Returning the grin, Theisman embraced him. "Then I won't ask you to. After all, what would I do without you there to pull my nuts out of the fire and watch my back?"
"When I think of what happened at Paroa, it sometimes amazes me that you can get dressed in the morning without someone standing over you," Denis shot back.
Theisman laughed. "Oh, I can just picture it..."
Abruptly, Denis pictured it too. Their eyes met, and Denis realised that his hands were running over Theisman's bare skin. He exhaled slowly as the other long-suppressed reason he wanted to stay flooded his mind, then placed his hands deliberately flat on the broad muscle of Theisman's back.
"Yeah," Theisman murmured, "you should definitely stay."
Denis kissed him.
It was strange how familiar it felt, as if this wasn't the first time but the thousandth time, as if they'd been married for years.

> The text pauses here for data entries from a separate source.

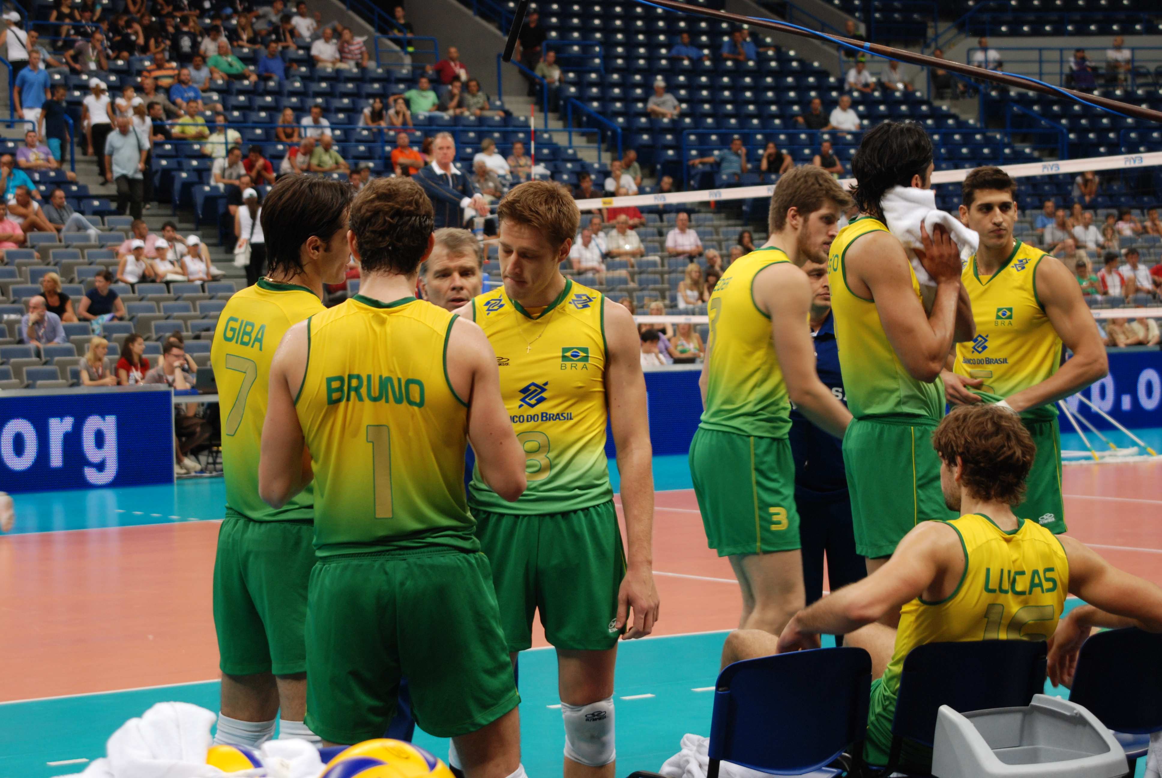 Brazil beat Argentina 3-0 (25-20, 25-22, 25-20) to secure first place in Pool F at the 2009 World League Final Six tournament on Friday. Brazil needed only 22 minutes to win the first set and while Argentina showed great desire in the second frame, their valiant effort was still not enough as they fell two sets in the hole with a 25-22 loss. Brazil wrapped up the match with a 25-20 third-set win to send Argentina packing from the tournament while cementing their credentials as the team to beat in the semifinals.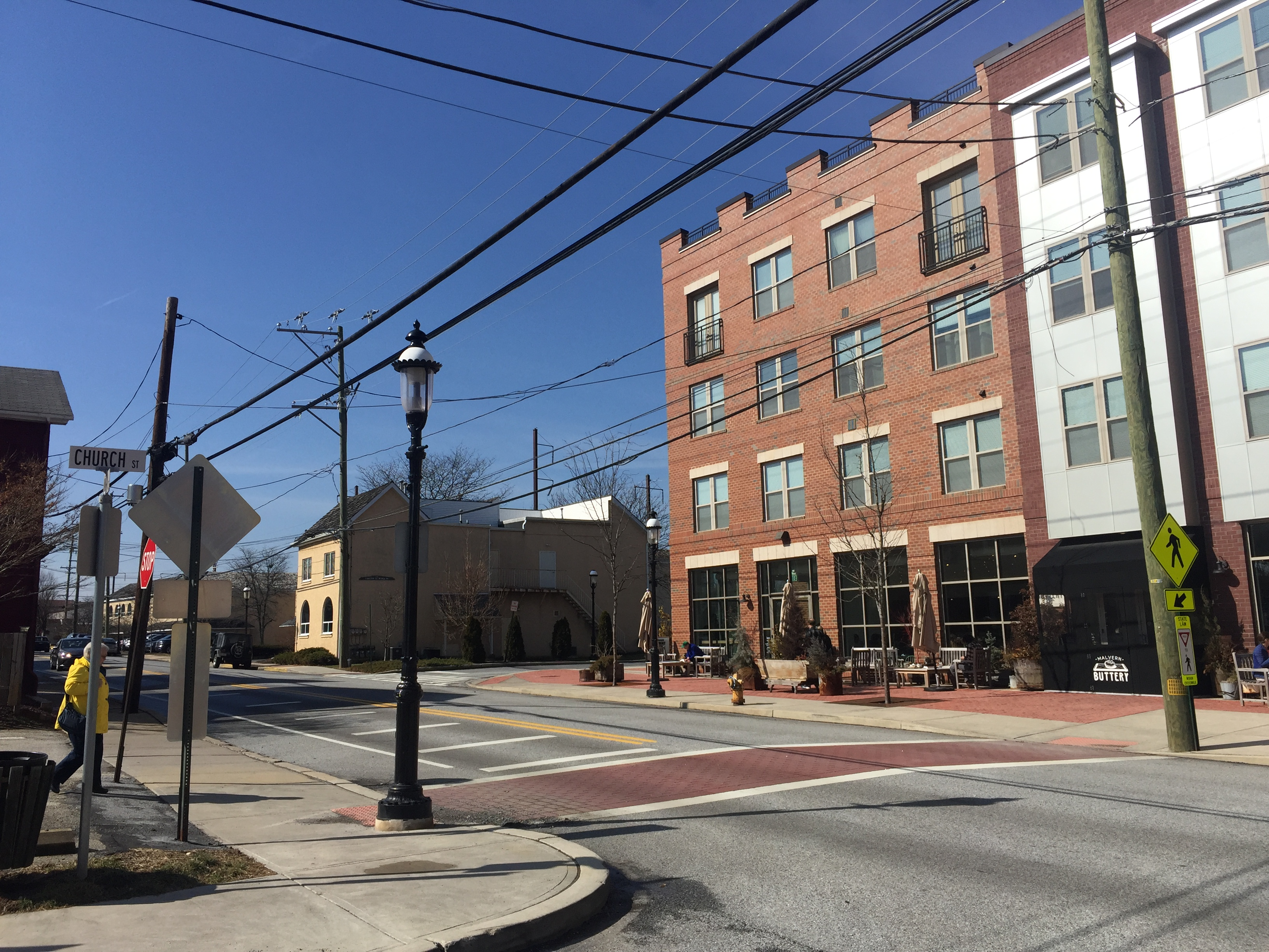 Downtown east side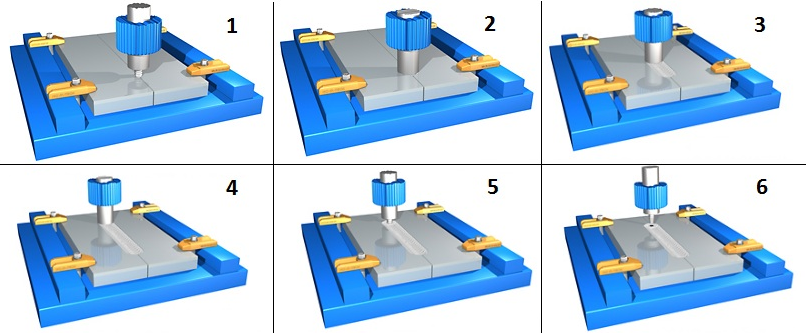 Process, step by step, of friction stir welding: 1) Pluging into metal. 2) Dwell at entry. 3) Joint in process. 4) End of joint. 5) Retracting the pin. 6) Fully retracted.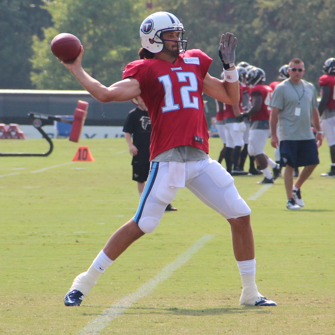 Charlie Whitehurst passing

He knew how Theisman would move, and his careful gentleness was no surprise, nor the way he leaned in and pulled Denis close, and even the little pleased sound he made in the back of his throat seemed like it ought to be familiar.
Then he made a sound that was definitely not pleasure, and Denis pulled abruptly back and realised that he'd been pressing Theisman's bandaged side against the edge of the sofa. He began to apologise, but Theisman laughed.
"Don't worry, it's worth it. But I think this sofa may have been part of some StateSec plot, and I do have a bed right over there..."
"I thought you were going to sleep," Denis said, a little blankly.
"Oh, and you think I won't be able to do that if you come, is that right?" Theisman retorted with a grin. He pulled himself to his feet, drawing Denis with him. "Come on." A slight furrow in his forehead betrayed some lingering uncertainty, and Denis promptly wrapped an arm around him again, this time not hesitating to let their hips brush together. "Since I apparently need someone to supervise me getting dressed in the morning..."
"You need someone to supervise you getting undressed," Denis murmured as Theisman tried to kick off the soft slippers he'd worn under the armour, and nearly overbalanced. "Come here."
It was a new world, he thought, a world in which this was possible, with nothing more to be afraid of, no spying eyes to betray them. They would have more work to do in the morning, more work than they'd dreamed of, but with his arms around Tom, Denis felt suddenly confident that they could do it. Laughing, they rolled onto the bed.